Rasgulla, a contemporary of laddoo, is equally sweet, delicious, popular, and round. The origin of rasgulla used to be a much debated issue in our country , which recently came to a conclusion when Bengal got credit for it. However, this delicacy would not have existed without the Portuguese, who taught us how to make cheese curds and broke our centuries old taboo regarding the curdling of milk.

Curdled milk was considered inauspicious and unacceptable in the Indian households, as cows were looked upon as sacred beings. However,the Portuguese traders who had settled in Bengal around the seventeenth century loved cheese. This fondness of theirs for curdled milk products was what created an opportunity for cheese curds to be recognised in India.

The Portuguese introduced the method of curdling milk with lemon juice and gradually Indians let go of their prejudice towards curdling milk in the face of Portuguese’s love for cottage cheese. With the introduction of cheese curds, the Indian sweet-makers got a new ingredient to experiment with. And thus, in the 18th century, the race for creating a new sweet using cheese curds began. Little did anyone know that the winner of that competition, the Rasgulla would go on to win hearts pan India.

In 1866, Nobin Chandra Das, a moira (confectioner) opened a shop in Bagbazar, West Bengal. There, he initially experimented with boiling cheese curd balls in sugar syrup, which unfortunately disintegrated.
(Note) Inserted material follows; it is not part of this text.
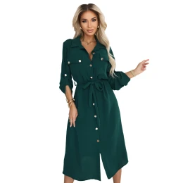 model 21402432 Midi košilka se zlatými knoflíky a vázáním zelená - numoco basic

After endeavoring for several months to make the cheese curd balls hold together, he finally found a solution using washnut and creating bubbles. The bubbles lent a sponginess to the cheese curd balls. That is how, in 1868, rasgulla came into existence and has been around us ever since.

Interestingly, not all the sweets that we have been munching on throughout our childhood originated in India. Take the crispy, juicy jalebi, the golden round coils of which the confectioner designs on hot oil with his piping bag. The sight is less satisfying than that of watching an artist paint on his canvas. Like its many round coils, this savory sweetmeat is known by numerous names in different countries, such as zalābiya, zolabiya, jerry, jilapi, and more.
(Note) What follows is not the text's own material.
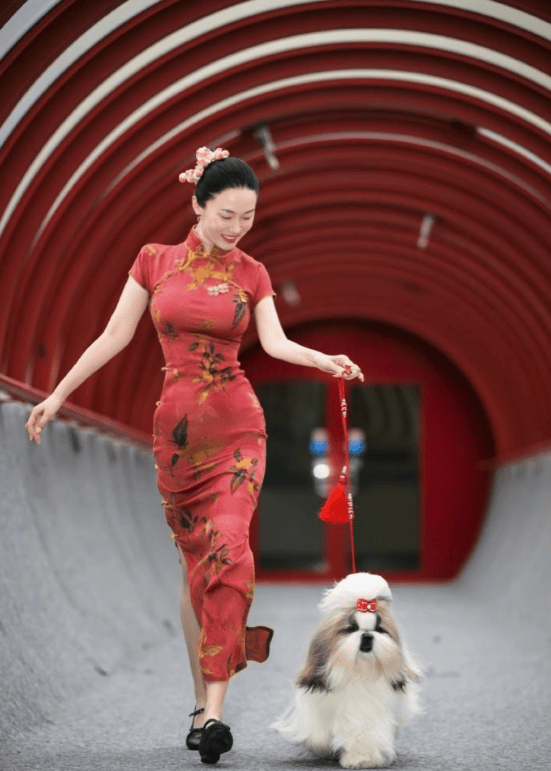 不仅如此,霍思燕还带着中国原生犬种西施犬征战国际赛场。去年12月,她穿着红色旗袍在比利时布鲁塞尔国际犬展上,从11020只全球赛犬中脱颖而出,拿下全场总冠军,成为唯一获奖的中国团队。

Even though its origin is uncertain, jalebi is believed to be based on the Arabic dessert, luqmat-al-qadi. They are the leavened flour deep fried fritters soaked in honey syrup & rose water. The basic difference between the two is that jalebi is made using whisked flour, whereas for luqmat-al-qadi, the flour needs to be kneaded and the round balls of the dough fried in oil.
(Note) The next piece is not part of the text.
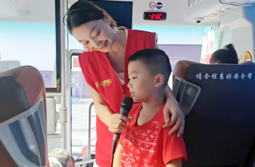 亲子家庭集合,大巴车变身“移动课堂”,个性自我介绍、歌曲接龙等互动游戏迅速点燃气氛。

Although jalebi reached India in the medieval period through Arab traders & invaders, it was not the first Middle Eastern delicacy that we adopted as our own. Gulab jamun is another sweet which, just like jalebi, not only has roots in the middle east, but is also based on luqmat-al-kadi. Some other sweetmeats that traveled from the Middle East & Central Asia to India during the medieval period are kulfi, phirni, falooda, to name a few.

When talking about sweetmeats we cannot leave out the halva which is a holy food for some and a dessert for everyone. Halva, being one of the most diversified sweetmeats, started its journey from Persia and ended up in hindu temples as an ideal offering for the deities, in gurdwaras, and of course in our kitchens. The term 'halva' is derived from 'hulw,' which means sweet in Arabic.

To conclude it all, our marriages, celebrations, mournings, get-togethers, and prayers are incomplete without sweets. To us Indians, sweets are more than just the last course of the meal. Sweets help us celebrate new beginnings and are good luck charms in tough times and we have been sharing love & happiness through them with others since antiquity.